Data section:
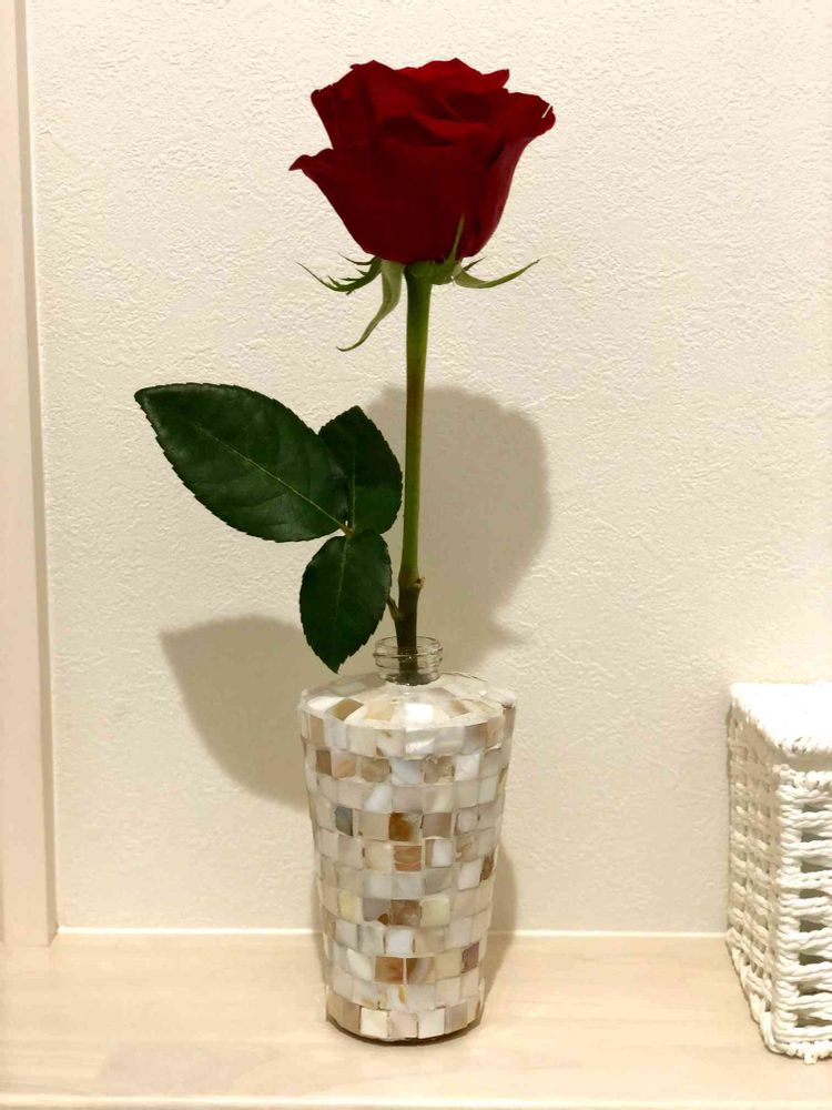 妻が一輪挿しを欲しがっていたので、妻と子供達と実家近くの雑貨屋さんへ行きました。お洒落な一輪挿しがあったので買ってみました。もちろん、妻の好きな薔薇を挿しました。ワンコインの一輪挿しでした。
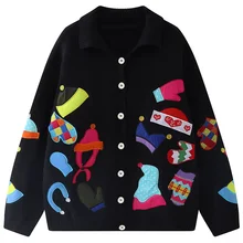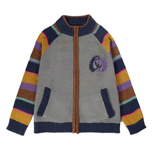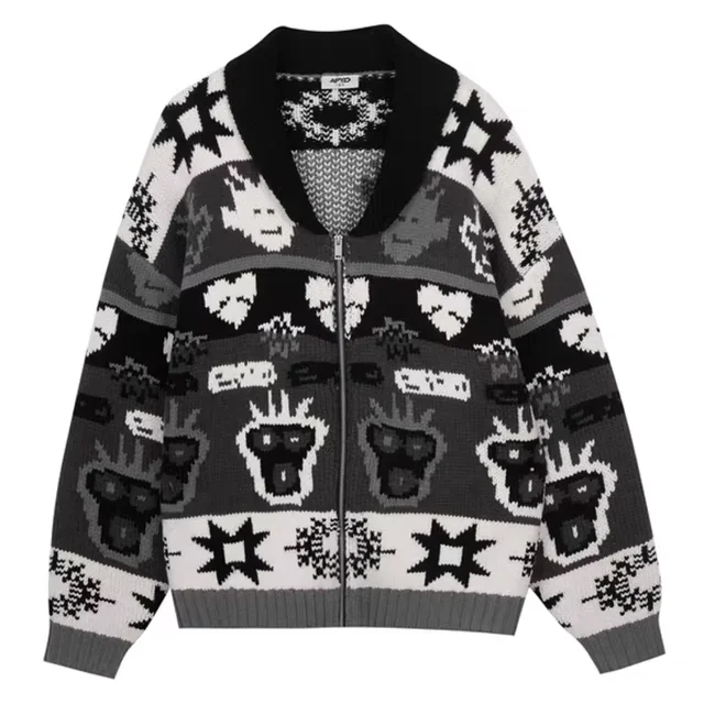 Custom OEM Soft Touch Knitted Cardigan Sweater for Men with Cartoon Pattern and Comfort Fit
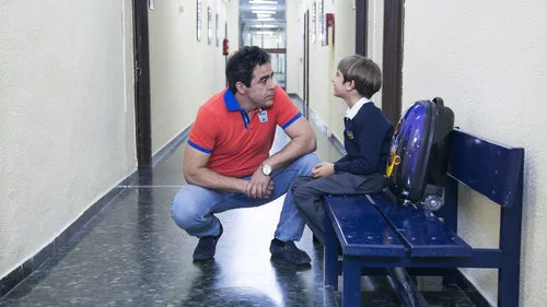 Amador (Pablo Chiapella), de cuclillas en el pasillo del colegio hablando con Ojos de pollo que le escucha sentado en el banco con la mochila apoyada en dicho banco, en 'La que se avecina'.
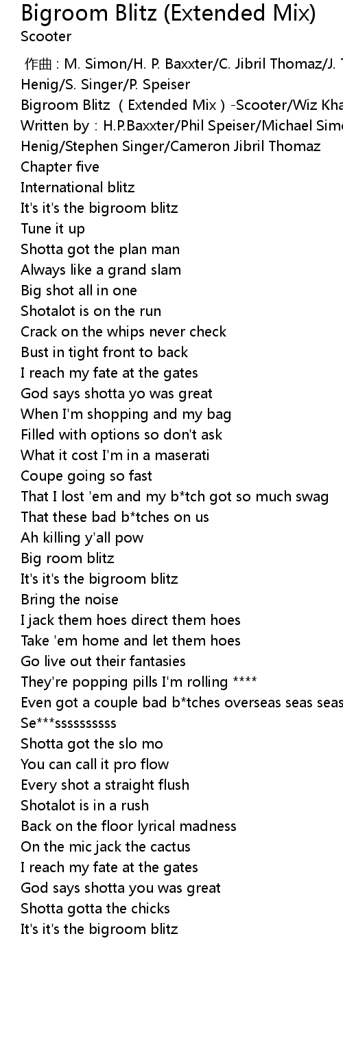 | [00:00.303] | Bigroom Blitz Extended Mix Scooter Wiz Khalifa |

What you will do: The copy must start at the line containing "Custom OEM Soft" and stop at the last line of the listing, both included, with every line exact and no pictures.

Completed exercise:
 Custom OEM Soft Touch Knitted Cardigan Sweater for Men with Cartoon Pattern and Comfort Fit
 Amador (Pablo Chiapella), de cuclillas en el pasillo del colegio hablando con Ojos de pollo que le escucha sentado en el banco con la mochila apoyada en dicho banco, en 'La que se avecina'.
 | [00:00.303] | Bigroom Blitz Extended Mix Scooter Wiz Khalifa |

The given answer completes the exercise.